### PROBLEM DESCRIPTION
Please keep to the lines below from the one with "紫金矿业回应哥伦比亚武里蒂卡" through the one with "Одеяло-комфортер, которое можно", and restate them word for word, ends included.

### DATA RECORDS

☆ ☆ ☆ ☆ ☆ ☆ ☆

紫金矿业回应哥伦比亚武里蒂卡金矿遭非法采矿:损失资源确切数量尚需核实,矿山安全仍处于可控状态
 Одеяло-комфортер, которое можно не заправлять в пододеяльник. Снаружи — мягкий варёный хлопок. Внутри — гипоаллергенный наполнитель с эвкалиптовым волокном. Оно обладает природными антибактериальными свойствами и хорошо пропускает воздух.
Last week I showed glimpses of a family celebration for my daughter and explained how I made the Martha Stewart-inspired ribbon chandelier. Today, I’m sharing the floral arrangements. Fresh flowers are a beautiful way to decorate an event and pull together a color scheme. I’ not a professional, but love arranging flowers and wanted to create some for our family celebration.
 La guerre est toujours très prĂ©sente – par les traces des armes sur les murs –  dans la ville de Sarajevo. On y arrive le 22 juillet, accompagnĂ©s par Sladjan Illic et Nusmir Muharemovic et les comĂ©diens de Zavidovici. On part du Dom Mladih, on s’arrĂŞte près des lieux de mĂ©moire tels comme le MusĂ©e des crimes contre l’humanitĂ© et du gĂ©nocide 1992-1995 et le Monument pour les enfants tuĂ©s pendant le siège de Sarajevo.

☆ ☆ ☆ ☆ ☆ ☆ ☆

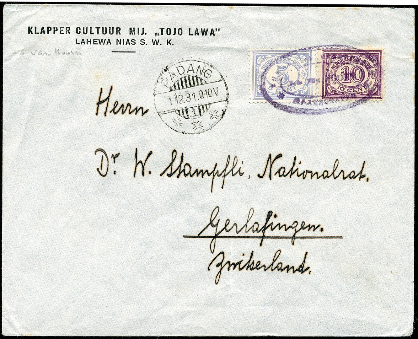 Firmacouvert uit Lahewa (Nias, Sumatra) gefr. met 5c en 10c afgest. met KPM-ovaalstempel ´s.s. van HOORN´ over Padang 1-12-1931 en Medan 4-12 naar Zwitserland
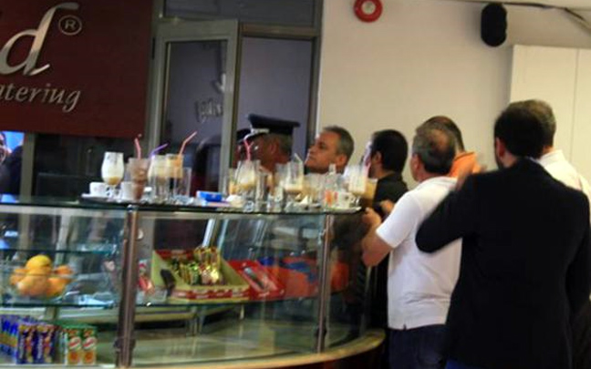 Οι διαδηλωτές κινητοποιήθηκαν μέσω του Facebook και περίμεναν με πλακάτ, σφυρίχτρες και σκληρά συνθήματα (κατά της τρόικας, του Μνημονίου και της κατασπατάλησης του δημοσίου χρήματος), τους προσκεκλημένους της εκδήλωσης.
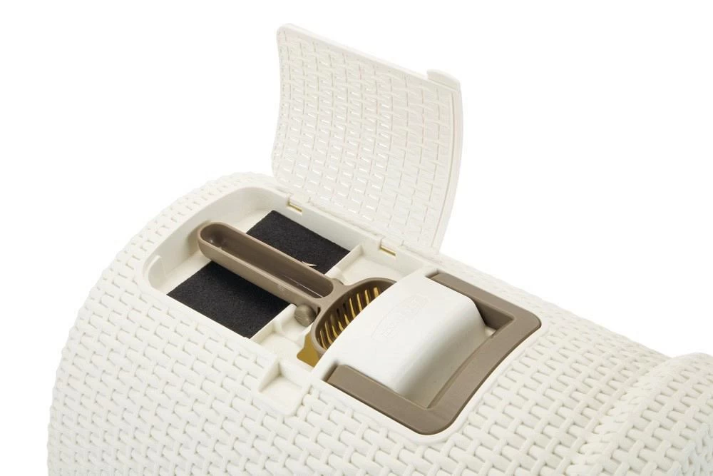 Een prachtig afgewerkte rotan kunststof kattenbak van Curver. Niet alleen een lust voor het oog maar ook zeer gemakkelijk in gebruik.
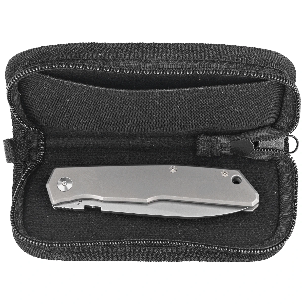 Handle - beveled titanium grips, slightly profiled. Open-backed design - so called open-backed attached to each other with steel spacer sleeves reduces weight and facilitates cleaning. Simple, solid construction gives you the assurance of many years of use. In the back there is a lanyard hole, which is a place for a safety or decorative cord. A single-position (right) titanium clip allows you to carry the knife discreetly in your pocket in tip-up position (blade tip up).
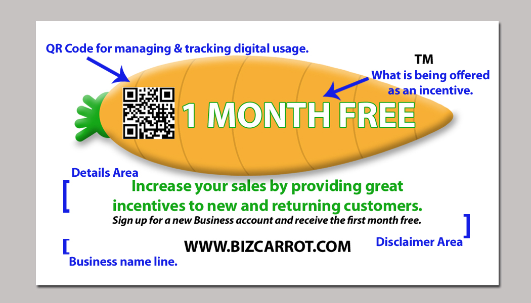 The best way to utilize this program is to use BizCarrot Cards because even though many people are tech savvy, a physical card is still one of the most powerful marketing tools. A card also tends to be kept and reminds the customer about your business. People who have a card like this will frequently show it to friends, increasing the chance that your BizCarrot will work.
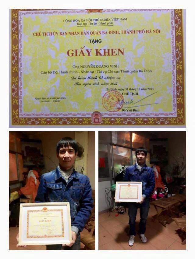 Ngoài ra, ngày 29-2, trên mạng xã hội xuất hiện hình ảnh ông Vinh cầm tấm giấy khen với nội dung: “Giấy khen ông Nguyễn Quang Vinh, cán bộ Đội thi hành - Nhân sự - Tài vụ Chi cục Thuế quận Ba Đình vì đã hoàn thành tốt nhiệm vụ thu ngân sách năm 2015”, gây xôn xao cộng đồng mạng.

☆ ☆ ☆ ☆ ☆ ☆ ☆

### FINAL ANSWER
紫金矿业回应哥伦比亚武里蒂卡金矿遭非法采矿:损失资源确切数量尚需核实,矿山安全仍处于可控状态
 Одеяло-комфортер, которое можно не заправлять в пододеяльник. Снаружи — мягкий варёный хлопок. Внутри — гипоаллергенный наполнитель с эвкалиптовым волокном. Оно обладает природными антибактериальными свойствами и хорошо пропускает воздух.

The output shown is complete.